Assim, Quinet parece imanente
ao caráter irredutível e singular do Ato analítico, sendo até mesmo, talvez,
impossibilitado de colocar em tópicos, etapas quase herméticas de uma técnica
dita psicanalítica, como o fez Christian Dunker para explicar a garrafa de
Kein, o Grupo de Boston e J.-D. Nasio.
4. DO QUE RETORNA PARA MINHA
CLÍNICA
Mais uma vez constatamos a
diversidade no discurso teórico/clínico analítico advindo de lugares
razoavelmente próximos. Se algumas falas se cruzam, outras pesam em lugares
opostos. Por exemplo, quando leio Nasio fico com a impressão que a direção do
tratamento pesa mais para o analista, ao contrário da impressão que fico de
Quinet.
Ao olhar para minha clínica, que
tem passando por experiências no consultório particular, no hospital, em ONGs,
e nos atendimentos pela rede do CEP, posso perceber as singularidades dos casos
e por isso escolhi como epígrafe deste texto: "O estilo é o homem
a quem me dirijo".
O retorno da fala do paciente será o lugar do meu inconsciente como analista. A "escolha" do estilo, a partir da qual
a linguagem sempre aparece, na medida em que permito minha escuta flutuar. Desde este ato avanço pela ética: não converso com sintomas, o que retorna para mim, levo para supervisão, para análise, construo a demanda
com o paciente sem ter medo de transparecer um não saber, confio em um suposto
saber, estudo.
E assim, as etapas da técnica da
psicanalítica trazem as surpresas não apenas para o analisando, mas também para o
analista, e talvez esta seja a nossa única certeza. Construir etapas é nossa
tarefa. A desconstrução é nossa sorte.
REFERÊNCIAS
ALMEIDA, Mauro William
Barbosa de. "A fórmula canônica do mito". (Versao
corrigida do texto publicado originalmente
em Queiroz, Ruben C. de & Nobre, Renarde F. (eds.). Lévi-Strauss.
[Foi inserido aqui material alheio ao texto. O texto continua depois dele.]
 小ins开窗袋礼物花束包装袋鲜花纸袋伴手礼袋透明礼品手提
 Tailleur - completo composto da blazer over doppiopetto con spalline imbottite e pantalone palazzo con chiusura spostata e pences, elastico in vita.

Leituras Brasileiras. Belo Horizonte, Editora da Universidade Federal de Minas
Gerais, 2008, pp. 147-182. Esta versão corresponde ao texto em italiano, no
prelo e corrige erros da edição brasileira.). Disponível em: < https://mwba.files.wordpress.com/2010/03/almeida-2009-a-formula-canonica-do-mito-_corrigida.pdf>.
Acesso: 18/05/2016.
DUNKER, Christian Ingo Lenz. Seminário sobre a Obra de Lacan: A Garrafa de Klein e a dialética entre demanda e desejo na análise. Transmitido ao vivo em 10 de abrIL de 2014 pelo Instituto de Psicologia da USP. Disponível em: < TclqvdEC8xg>. Acesso: 18/05/2016.
NASIO, J. -D. Como Trabalha um Psicanalista? tradução:
Lucy Magalhães; revisão técnica Marco Antônio Coutinho Jorge. Rio de Janeiro: Zahar, 1999.
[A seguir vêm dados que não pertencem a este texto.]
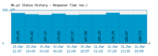 The above graph displays service status activity for Nk.pl over the last 10 automatic checks. The blue bar displays the response time, which is better when smaller. If no bar is displayed for a specific time it means that the service was down and the site was offline.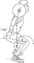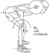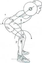 Так, в первой позе туловище сильно наклонено вперед, и как следствие этого результирующий момент силы мышц в коленных суставах направлен на их сгибание, т. е. нагружаются мышцы задней поверхности бедра. И наоборот, при небольшом наклоне туловища вперед основная нагрузка ложится на мышцы - разгибатели коленных суставов. Причина в том, что величина и направление момента силы в суставе зависит от момента силы тяжести звеньев тела и штанги, действующих на данный сустав. Несмотря на то, что в рассматриваемом примере суммарная сила тяжести звеньев тела и снаряда не изменяется, плечо этой силы зависит от положения туловища и бедер. Эта сила приложена в общем центре масс всех звеньев тела, которые расположены выше коленных суставов, и штанги. Таким образом, нагрузку можно регулировать не только массой снаряда, но и плечом внешне действующей силы.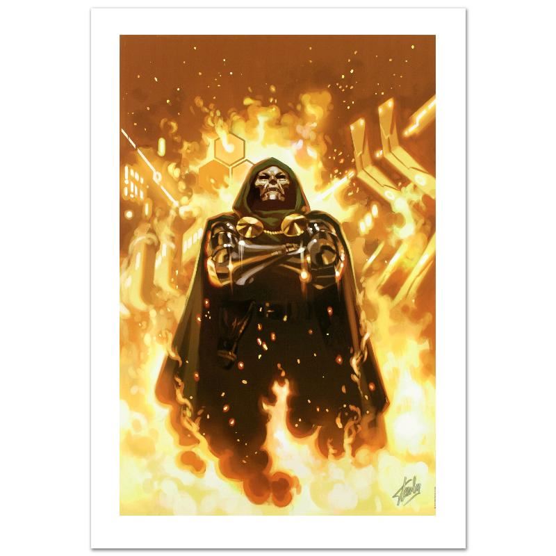 A piece of comic book history, this limited edition, from original art by Daniel Acuna, depicts a Mencaing Dr. Doom. Spanish artist Daniel Acuna cites artists like Jack Kirby and Simon Bisley as his early artist influences. After doing some occasional cover art for Marvel, Acuna signed an exclusive contract with Marvel in 2007. "FF # 2" is a limited edition giclee on canvas by Daniel Acuna presented by Marvel Comics, numbered and hand signed by the great Stan Lee! Includes Certificate of Authenticity! Measures approx. 18" x 27" (image).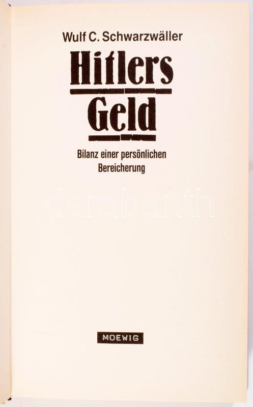 Wulf C. Schwarzwäller: Hitlers Geld. Bilanz einer perönlichen Bereicherung. Rastatt, 1986, Arthur Moewig. Német nyelven. Kiadói egészvászon-kötés, kiadói papír védőborítóban.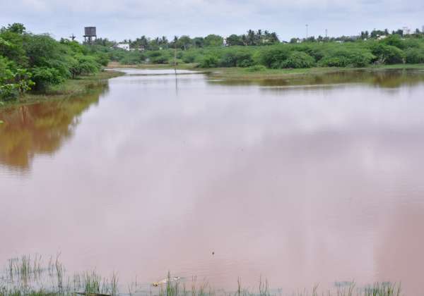 மழை காரணமாக சிவகங்கை காஞ்சிரங்கால் கண்மாயில் தண்ணீர் பெருகியது.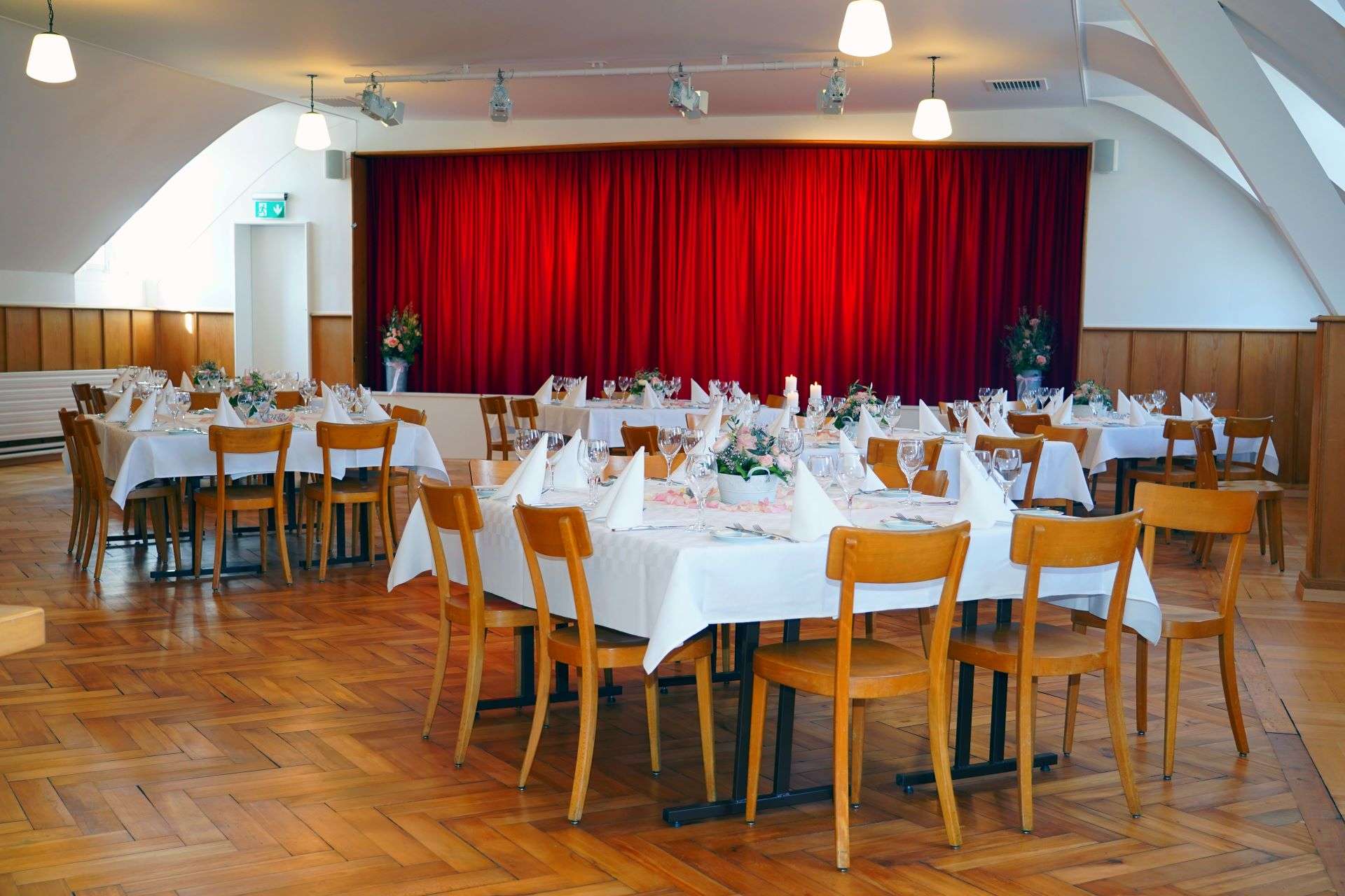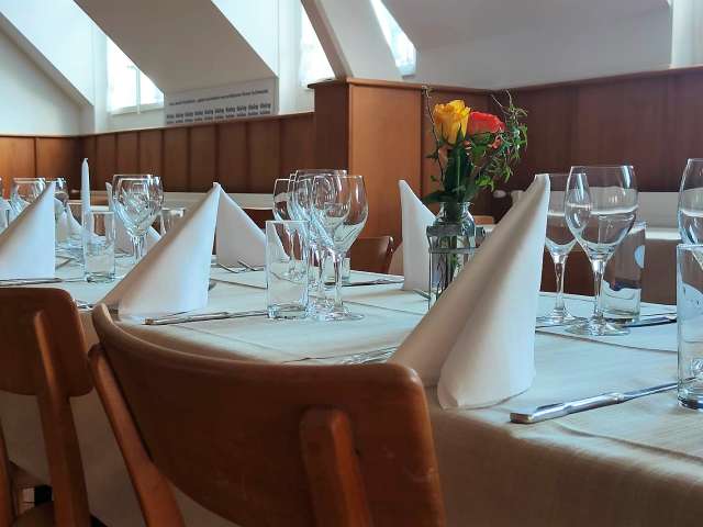 La cuisine est saisonnière, régionale et durable. Vous trouverez au menu des classiques de l'Emmental, ainsi que des menus adaptés à la saison et des plats typiques des auberges de campagne. La carte des vins vous permettra de trouver l'accompagnement parfait pour votre événement. Banquets et événements

QUINET, Antonio. As 4+1 condições da análise. 12. ed. Rio
de Janeiro: Jorge Zahar Ed., 2009.
The Boston Change Progress
Study Group. Change in PSYCHOTHERAPY: A
unifying paradigm. W.W. Norton & Company Publisher, 2010.
[1] na aula 11 (março de 1965) do Seminário 12, "Problemas Cruciais da
Psicanálise". (não publicado no Brasil)
[2] Podemos
usar como exemplo uma das variantes algébricas
similares de Levi-Strauss, apresentadas por Dunker, "O
mito de Édipo com a fórmula canônica", onde, Fx(a) ≈ Fy(a) :: Fy(b)
≈Fb-1(x)
A
fórmula pode ser lida assim:
a
superestimação de relações (de parentesco) Fx(a) está para a subestimação de
relações de parentesco Fy(a) assim como a negação de relações com monstros
autóctones Fy(b) está para o caráter-autóctone-invertido (caráter
anti-autóctone) da função exagero Fb-1(x).